Usually, TJ is not this honest. His words hurt, but I know he’s doing this to help me realize the gravity of the mistake and why she’s so hellbent on removing herself from any situation that involves me. I already know how much I messed up. I’ve stayed away from her, thinking that was what she wanted. I thought she would never want to see me again. But now that I’m here in LA, we can’t escape each other.

“I panicked. I thought my dad was going to speak to her and he would have made it a lot worse. I panicked and ended it myself,” I defend myself, but I know my words are hollow. “I didn’t know what else to do. I was so scared that my dad would get to her before I did and ruin her, discredit her and her family when it wasn’t her fault. I knew I could’ve had both, TJ, but at the time, I couldn’t think of anything else to do. I didn’t know how to handle the situation. I regret my decision. I have been miserable for the past five years without her.” I could feel myself starting to breakdown. “I’ve never felt this way about anyone.” My everything is with another man, and I can’t handle it.

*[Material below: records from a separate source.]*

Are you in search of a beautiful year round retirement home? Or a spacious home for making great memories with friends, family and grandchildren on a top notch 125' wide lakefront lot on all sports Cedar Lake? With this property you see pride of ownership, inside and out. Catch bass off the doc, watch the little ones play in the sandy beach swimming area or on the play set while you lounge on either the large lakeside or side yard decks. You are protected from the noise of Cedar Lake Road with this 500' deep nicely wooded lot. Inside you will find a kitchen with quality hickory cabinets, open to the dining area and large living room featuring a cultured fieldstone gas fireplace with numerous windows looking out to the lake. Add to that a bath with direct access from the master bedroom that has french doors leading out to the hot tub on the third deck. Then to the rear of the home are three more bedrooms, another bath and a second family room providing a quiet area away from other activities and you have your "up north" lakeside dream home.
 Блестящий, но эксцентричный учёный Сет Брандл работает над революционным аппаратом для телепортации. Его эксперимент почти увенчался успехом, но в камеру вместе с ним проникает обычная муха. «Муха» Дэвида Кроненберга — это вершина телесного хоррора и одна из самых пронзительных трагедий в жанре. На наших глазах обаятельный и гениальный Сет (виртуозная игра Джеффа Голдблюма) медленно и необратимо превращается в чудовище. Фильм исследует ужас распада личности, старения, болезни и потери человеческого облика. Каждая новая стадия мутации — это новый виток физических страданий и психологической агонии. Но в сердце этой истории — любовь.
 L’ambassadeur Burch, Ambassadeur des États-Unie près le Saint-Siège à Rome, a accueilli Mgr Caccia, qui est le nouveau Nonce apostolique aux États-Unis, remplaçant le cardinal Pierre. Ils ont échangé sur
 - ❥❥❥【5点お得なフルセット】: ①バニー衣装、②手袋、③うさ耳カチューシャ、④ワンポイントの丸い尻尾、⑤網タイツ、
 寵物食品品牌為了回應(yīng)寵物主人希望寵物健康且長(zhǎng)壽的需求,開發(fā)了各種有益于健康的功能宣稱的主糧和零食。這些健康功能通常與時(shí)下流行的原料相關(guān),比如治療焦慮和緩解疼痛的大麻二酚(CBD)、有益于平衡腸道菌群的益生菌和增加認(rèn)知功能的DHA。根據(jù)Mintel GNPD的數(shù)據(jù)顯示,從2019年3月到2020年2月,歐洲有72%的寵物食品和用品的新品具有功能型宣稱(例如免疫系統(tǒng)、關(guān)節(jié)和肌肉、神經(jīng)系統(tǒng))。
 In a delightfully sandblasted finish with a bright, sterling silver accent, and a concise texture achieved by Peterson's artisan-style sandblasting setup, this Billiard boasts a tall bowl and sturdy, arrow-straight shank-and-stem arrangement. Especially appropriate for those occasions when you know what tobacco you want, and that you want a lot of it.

“You’ve been messing around with other girls, Nick. You’ve gone back to the old Nick, your old ways. It doesn’t look good. It’s all over social media and the tabloids. She’s read it, she knows about the girls you’ve hooked up with. She’s seen it all. You haven’t helped your case with the rumors and stories going around.” He targets me on the shit that I’ve been pulling for the last five years. I needed to fill a void, but at the same time, I knew nobody could compete with her. It didn’t stop me from trying. I used girls like I had done before I met her. It was wrong, but I needed to feel something. I needed to feel something like I did with her, but I knew no other girl would be able to give me that except for her.

And yet, every time I slept with a girl, I felt nothing for them. It was like they emptied my emotions. The more I did it, the emptier I felt, but I kept telling myself that this was going to be the girl . . . and it wasn’t. All I could think about was her. I was obsessed with her and I couldn’t stop.

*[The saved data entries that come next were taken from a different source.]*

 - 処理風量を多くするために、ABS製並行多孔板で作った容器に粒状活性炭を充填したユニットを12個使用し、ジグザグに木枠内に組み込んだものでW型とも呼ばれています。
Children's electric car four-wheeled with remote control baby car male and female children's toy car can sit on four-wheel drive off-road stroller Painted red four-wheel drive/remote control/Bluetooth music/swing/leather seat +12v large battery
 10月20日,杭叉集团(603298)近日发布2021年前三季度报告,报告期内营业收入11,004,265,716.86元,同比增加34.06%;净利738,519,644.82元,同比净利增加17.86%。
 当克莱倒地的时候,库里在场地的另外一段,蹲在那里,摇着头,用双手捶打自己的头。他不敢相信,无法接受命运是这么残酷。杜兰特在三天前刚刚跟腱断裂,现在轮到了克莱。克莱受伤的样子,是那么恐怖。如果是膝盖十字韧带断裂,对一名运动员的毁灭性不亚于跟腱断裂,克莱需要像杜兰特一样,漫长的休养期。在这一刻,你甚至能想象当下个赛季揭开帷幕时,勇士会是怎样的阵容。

I just wanted to feel something, even if it was for a night.

But it never came close to how I felt when I was with her.

“I know. I regret it. The girl I slept with on the plane over here works with Carter, and she slapped me in front of her when I went to visit Carter at work.” TJ groans in frustration. “I fucked up, as usual, I know.” I roll my eyes at myself. I need to stop this. I’m tired of making my own mistakes one after another. Even when I’ve learned my lesson, I continue to make the same mistakes over and over.

In short, I’m an idiot.

“You’re an idiot.” He shakes his head in disapproval and I chuckle to myself.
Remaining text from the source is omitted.